Voila! We now have a model containing only the predictors with significance at the 0.05 level or higher. Note that in the actual data contained within the variable linear_model, the significance values are the exact values vs. the thresholds shown in the summary; therefore we use 0.099 to take all coefficients that would be shown as 0.05 but not 0.01. If we used strict 0.05 as the threshold, a significance of 0.051 would be rejected.

Astute readers will note that the R-squared for the final model is slightly worse than the first, although the adjusted R-squared is slightly better. Back in school, we would have probably focused on the R-squared as the condition of quality, and used the first model. However, in a machine learning context, we are often interested in predicting future, unseen data. That puts additional requirements on the model, and we’ll use another data set to illustrate.

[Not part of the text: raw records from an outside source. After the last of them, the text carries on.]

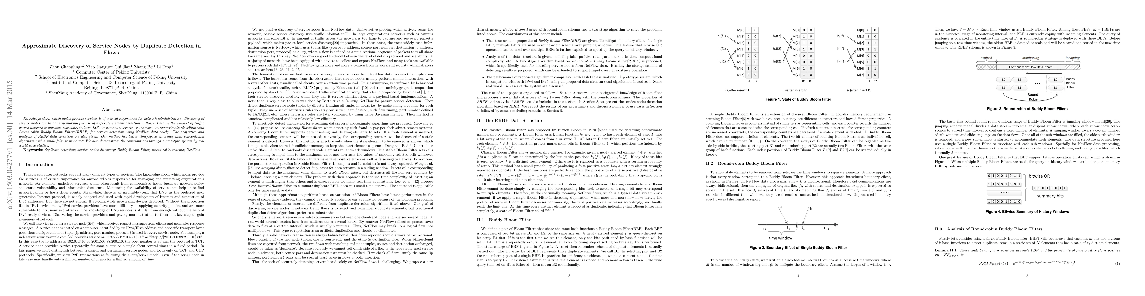 Knowledge about which nodes provide services is of critical importance for network administrators. Discovery of service nodes can be done by making full use of duplicate element detection in flows. Because the amount of traffic across network is massive, especially in large ISPs or campus networks, we propose an approximate algorithm with Round-robin Buddy Bloom Filters(RBBF) for service detection using NetFlow data solely. The properties and analysis of RBBF data structure are also given. Our method has better time/space efficiency than conventional algorithm with a small false positive rate.%portion of false positive. We also demonstrate the contributions through a prototype system by real world case studies.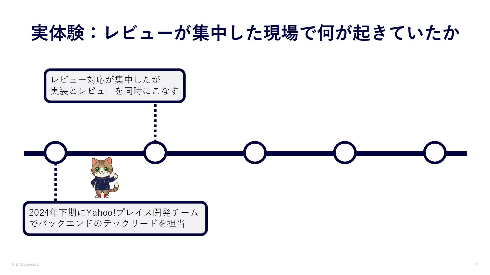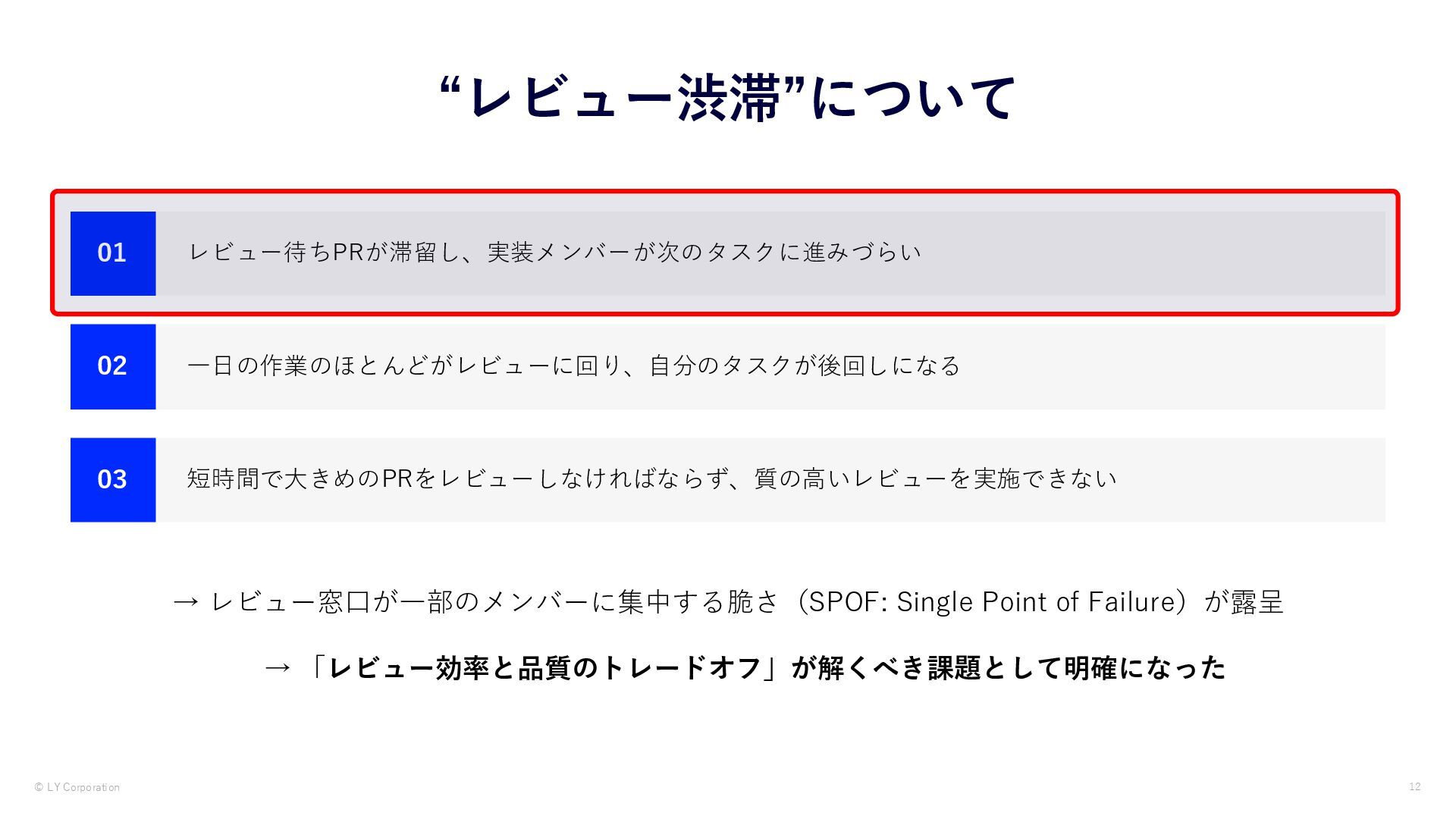 7. © LY Corporation レビュー待ちPRが滞留し、実装メンバーが次のタスクに進みづらい 一日の作業のほとんどがレビューに回り、自分のタスクが後回しになる 短時間で大きめのPRをレビューしなければならず、質の高いレビューを実施できない 01 03 02 12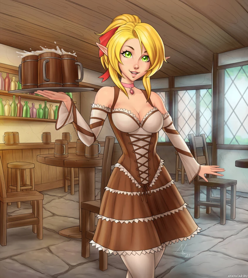 a cheerful expression on her face and is holding a tray of drinks in both hands, presenting them to the viewer or perhaps someone not visible in the image. The setting appears to be a cozy, rustic pub or tavern with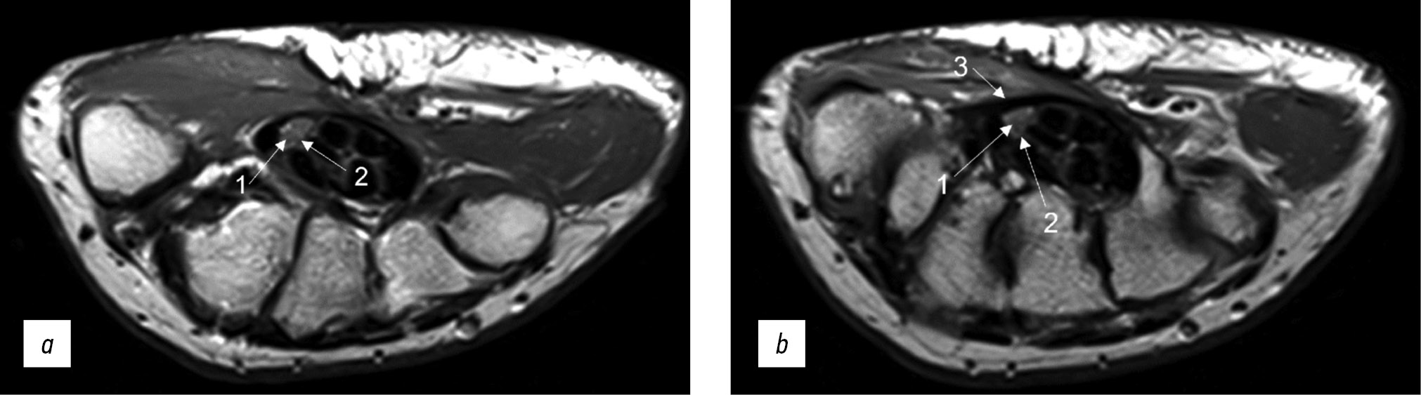 Fig. 2. Magnetic resonance imaging of the hand in T2 mode in a patient with carpal tunnel syndrome. An axial projection: (a) at the level of proximal epiphyses of metacarpal bonesand (b) at the level of distal parts of the capitate bone (1: individual fascicles as part of the median nerve, 2: epineurium, and 3: flexor retinaculum with a thickness of up to 1.29 mm).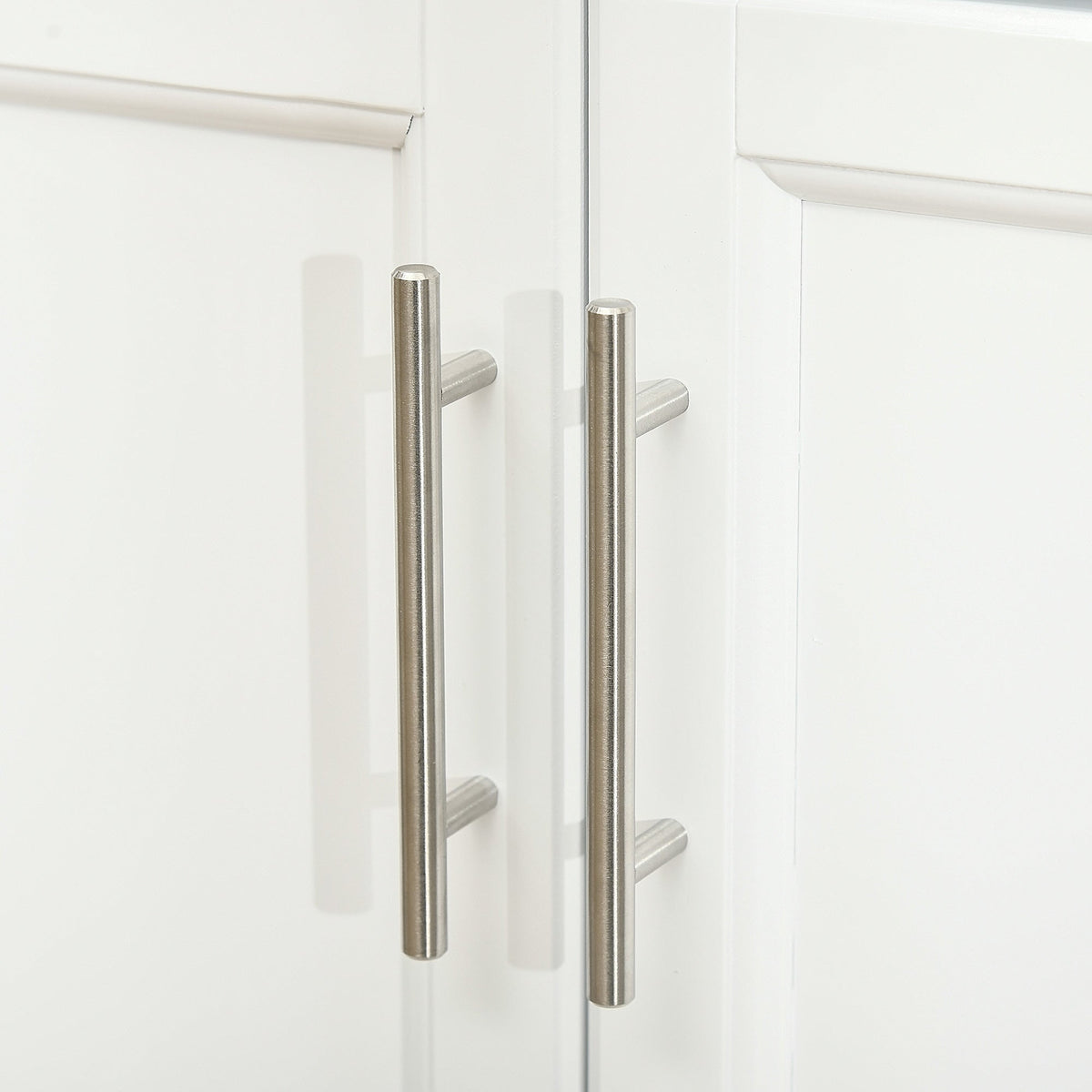 HOMCOM Wooden Kitchen Island on Wheels, Serving Cart Storage Trolley with Stainless Steel Top, Drawer, Side Handle and Rack, White - White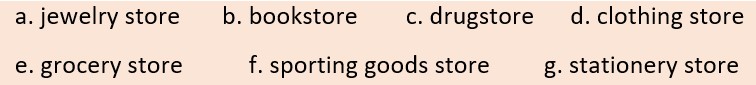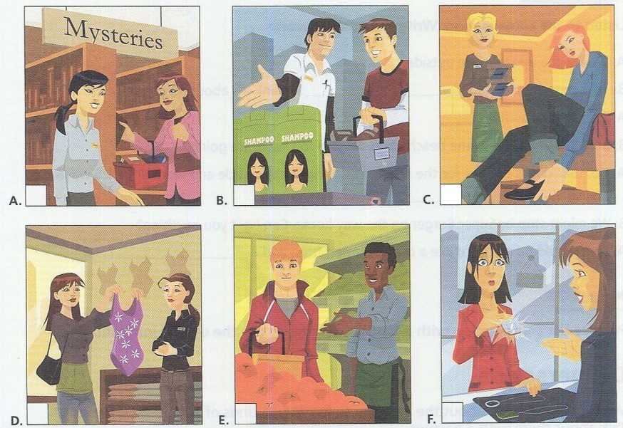 IELTS – 0-2.5 – lesson 19.2 Getting Ready question7376 Match the items on the left with the store where you can buy them on the right. Then write one more item you can buy in each store. question7377 1. running shoes 2. magazines 3. tie 4. necklace 5. vegetables 6. envelopes 7. shampoo Listening 1 question7385 People are shopping. Listen and number the pictures. question7386 A. B. C. D. E. F. Time's up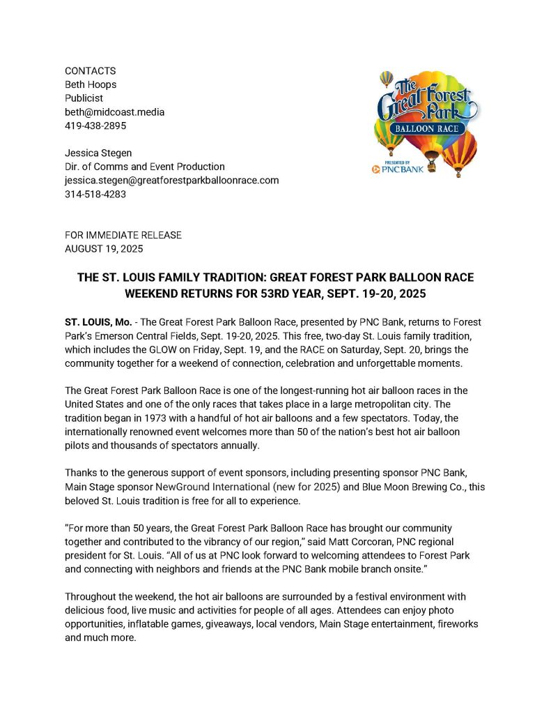 GFPBR welcomes and works with members of the media from all media platforms including broadcast, print, photographer and digital media. To qualify for media credentials you must be a member of the media (traditional or digital), meaning the work you produce at The Great Forest Park Balloon Race must be developed to be shared with a larger audience, on a qualifying media platform.

We used a larger, multivariate time-series data set which was divided into training data and test data, where the test data are not presented to the model at all, but we wish to predict them. An example would be where we have collected data on an industrial system, and we wish to build a model to predict future behavior given measured variables. In the figure below, we show a data set with seven factors (time plus 6 other variables) as predictors, and the metric. The blue line are the training data. To illustrate the time varying nature an inset is provided of the first 100 data points. Using the method above, an initial model was created, then feature selection was done, and a final model was created. The red line are the test data, which were generated using the same functions as the test data, but later time. The initial model generated the predictions shown as the grey dots, while the final model generated the predictions shown by the black circles.

These simple examples show some of the power and utility of base R to handle modeling and feature selection. The data and code for the final example are available on github.